=== Section Start ===

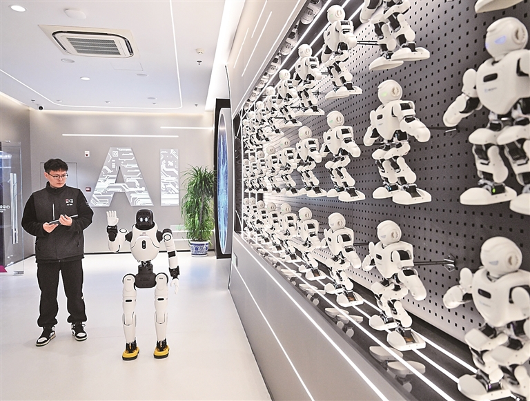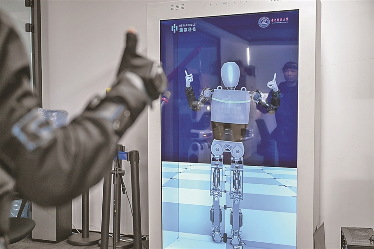 江苏南京,一款华夏机器人在打招呼。新华社发
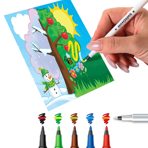 • Фломастеры ПИФАГОР "ЭНИКИ-БЕНИКИ", 6 цветов, вентилируемый колпачок, 151400
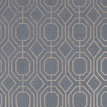 Blaugraue, grob strukturierte Tapete mit goldenen, geometrischen Ornamenten.
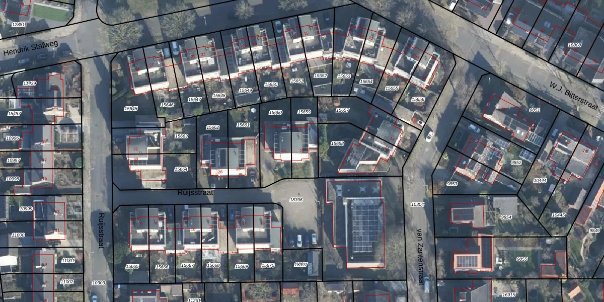 Het perceel waarop Ruijsstraat 22 staat heeft een oppervlakte van 239 m². Dit is een middelgroot perceel. De perceeloppervlakte wordt geregistreerd door het Kadaster. Gedetailleerde informatie over de maten van dit perceel kunt u vinden in het rapport Kadastrale kaart met maatvoering van Ruijsstraat 22.
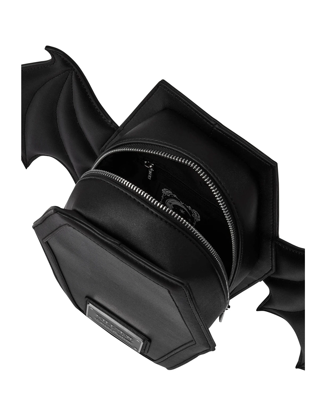 Der Fledermaus Sarg Rucksack KILLSTAR besitzt ein paar geniale Details, die den Backpack so besonders machen. De wären zum einen die auffallenden Fledermaus Flügel an den Seiten. Hinzu kommt, das dieses besondere Stück düsterer Gothic Fashion in einer Sargform designt wurde. Der Gothic Rucksack kann aber auch als praktische Umhängetasche verwendet werden – je nach Lust und Laune. Er besitzt einen Reißverschluss und ist komplett gefüttert.
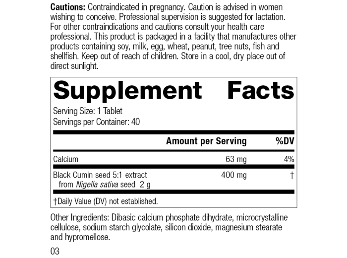 Each Serving Size (1 Tablet) contains: Calcium 63 mg, Black Cumin seed 5:1 extract 400 mg (from Nigella sativa seed 2 g).
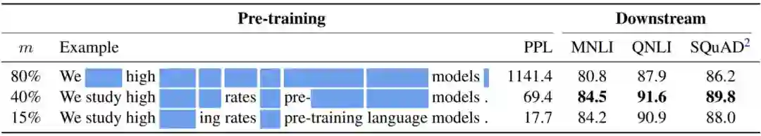 掩蔽语言模型通常使用15%的掩蔽率,研究者一般认为更高的掩蔽率会导致用来学习良好表征的上下文不足,而更低的掩蔽率则会导致训练成本太高。
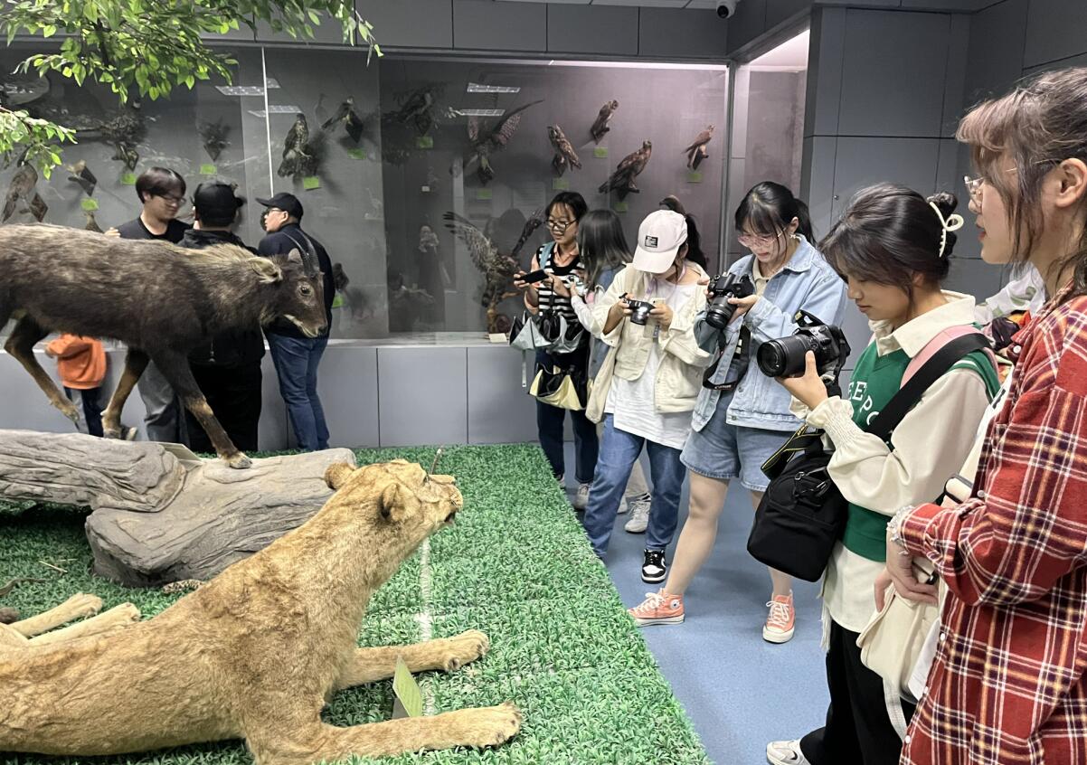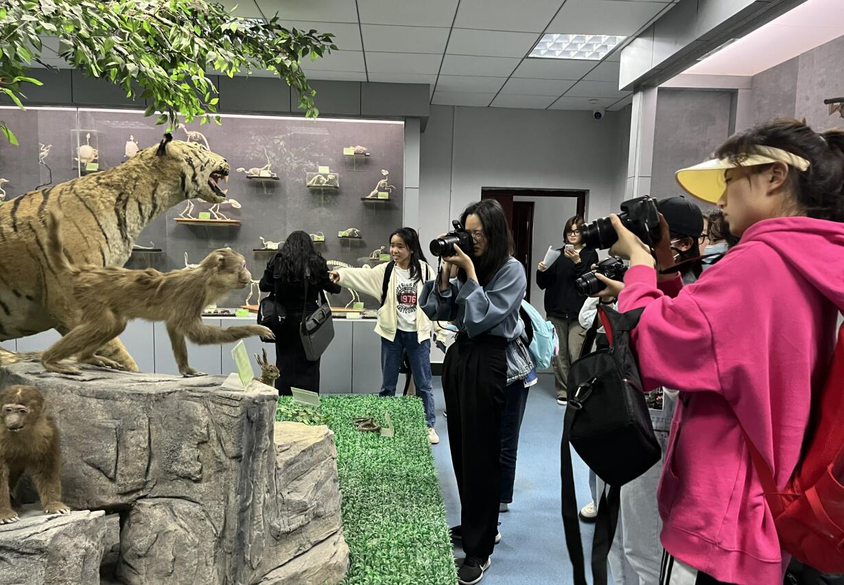 “相较于教室的理论课,我更喜欢走出教室的实践教学,大家在欢乐轻松的氛围下,能学到很多知识。”新闻传播学类专业2021(4)班的高欣雨表示,理论课多在教室且重点是课本,因此拍摄环境较为局限,但标本馆的陈设模拟自然风光,可以让她用心感受、用心拍摄。
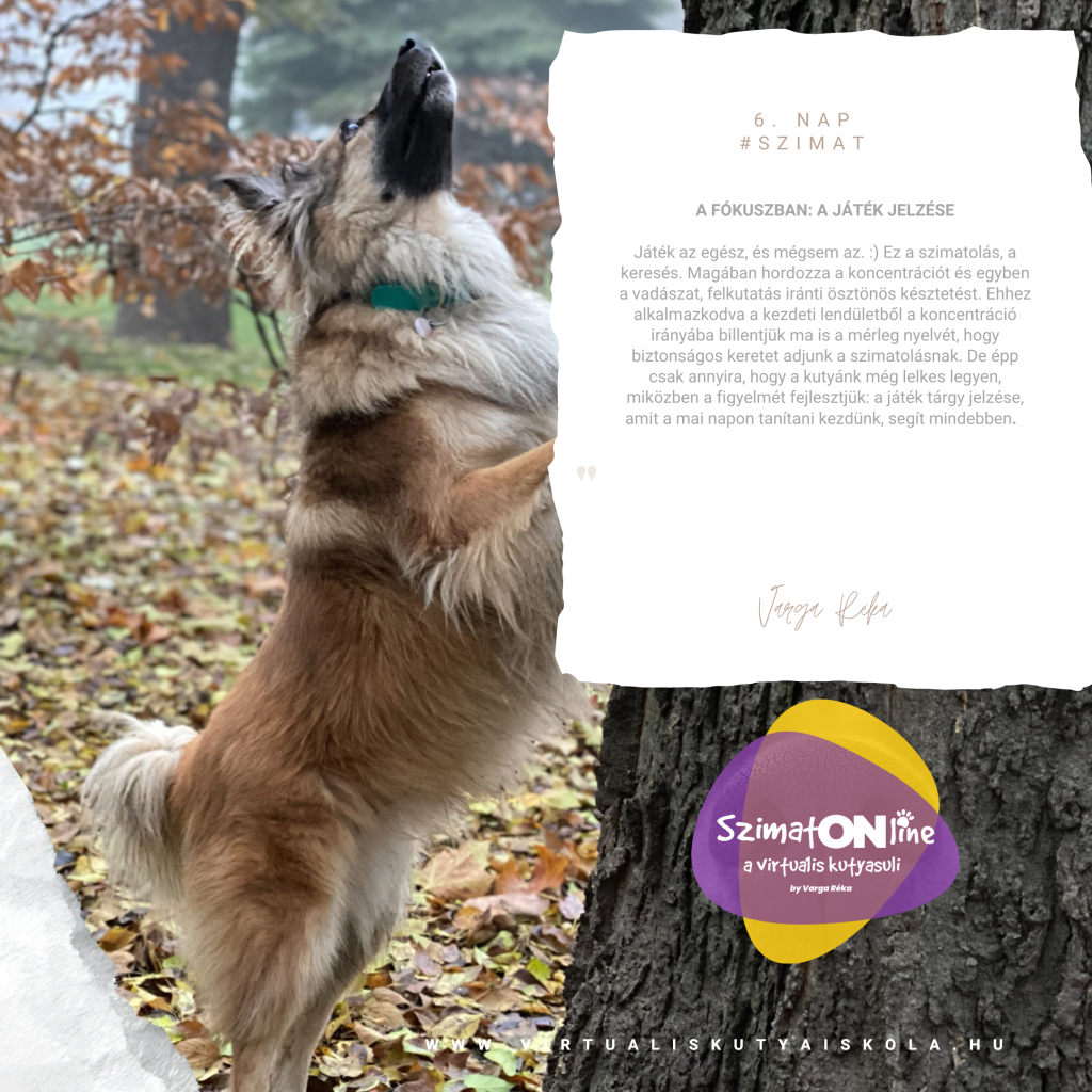 Játék az egész, és mégsem az. 🙂 Ez a szimatolás, a keresés. Magában hordozza a koncentrációt és egyben a vadászat, felkutatás iránti ösztönös késztetést. Ehhez alkalmazkodva a kezdeti lendületből a koncentráció irányába billentjük ma is a mérleg nyelvét, hogy biztonságos keretet adjunk a szimatolásnak. De épp csak annyira, hogy a kutyánk még lelkes legyen, miközben a figyelmét fejlesztjük: a játék tárgy jelzése, amit a mai napon tanítani kezdünk, segít mindebben.
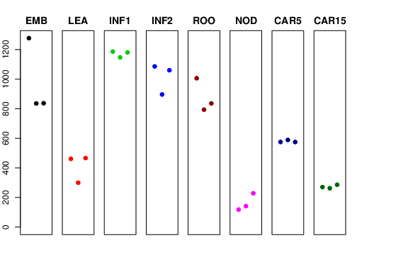 | ROO | Roots from the seedlings (10 cm shoot stage) | 1006.26 | 793.752 | 835.978 | 1031.23 |
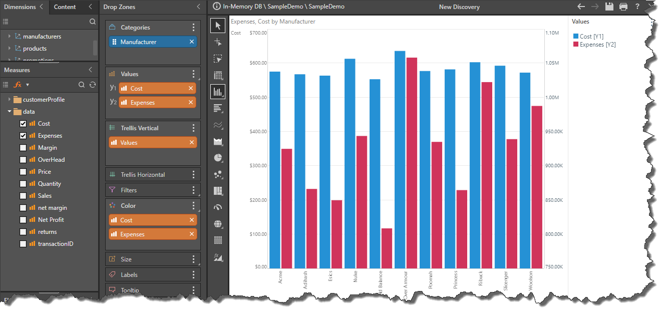 If more than one measure is added to Values, and Values chip will be generated and added to Trellis Vertical, resulting in multiple charts. The Values chip may be moved to Trellis Horizontal or Filters.

=== Section End ===

- _EXERCISE GOAL_
Because the pictures are not wanted, retype every record exactly without them.

- _RESPONSE AREA_
 江苏南京,一款华夏机器人在打招呼。新华社发
 • Фломастеры ПИФАГОР "ЭНИКИ-БЕНИКИ", 6 цветов, вентилируемый колпачок, 151400
 Blaugraue, grob strukturierte Tapete mit goldenen, geometrischen Ornamenten.
 Het perceel waarop Ruijsstraat 22 staat heeft een oppervlakte van 239 m². Dit is een middelgroot perceel. De perceeloppervlakte wordt geregistreerd door het Kadaster. Gedetailleerde informatie over de maten van dit perceel kunt u vinden in het rapport Kadastrale kaart met maatvoering van Ruijsstraat 22.
 Der Fledermaus Sarg Rucksack KILLSTAR besitzt ein paar geniale Details, die den Backpack so besonders machen. De wären zum einen die auffallenden Fledermaus Flügel an den Seiten. Hinzu kommt, das dieses besondere Stück düsterer Gothic Fashion in einer Sargform designt wurde. Der Gothic Rucksack kann aber auch als praktische Umhängetasche verwendet werden – je nach Lust und Laune. Er besitzt einen Reißverschluss und ist komplett gefüttert.
 Each Serving Size (1 Tablet) contains: Calcium 63 mg, Black Cumin seed 5:1 extract 400 mg (from Nigella sativa seed 2 g).
 掩蔽语言模型通常使用15%的掩蔽率,研究者一般认为更高的掩蔽率会导致用来学习良好表征的上下文不足,而更低的掩蔽率则会导致训练成本太高。
 “相较于教室的理论课,我更喜欢走出教室的实践教学,大家在欢乐轻松的氛围下,能学到很多知识。”新闻传播学类专业2021(4)班的高欣雨表示,理论课多在教室且重点是课本,因此拍摄环境较为局限,但标本馆的陈设模拟自然风光,可以让她用心感受、用心拍摄。
 Játék az egész, és mégsem az. 🙂 Ez a szimatolás, a keresés. Magában hordozza a koncentrációt és egyben a vadászat, felkutatás iránti ösztönös késztetést. Ehhez alkalmazkodva a kezdeti lendületből a koncentráció irányába billentjük ma is a mérleg nyelvét, hogy biztonságos keretet adjunk a szimatolásnak. De épp csak annyira, hogy a kutyánk még lelkes legyen, miközben a figyelmét fejlesztjük: a játék tárgy jelzése, amit a mai napon tanítani kezdünk, segít mindebben.
 | ROO | Roots from the seedlings (10 cm shoot stage) | 1006.26 | 793.752 | 835.978 | 1031.23 |
 If more than one measure is added to Values, and Values chip will be generated and added to Trellis Vertical, resulting in multiple charts. The Values chip may be moved to Trellis Horizontal or Filters.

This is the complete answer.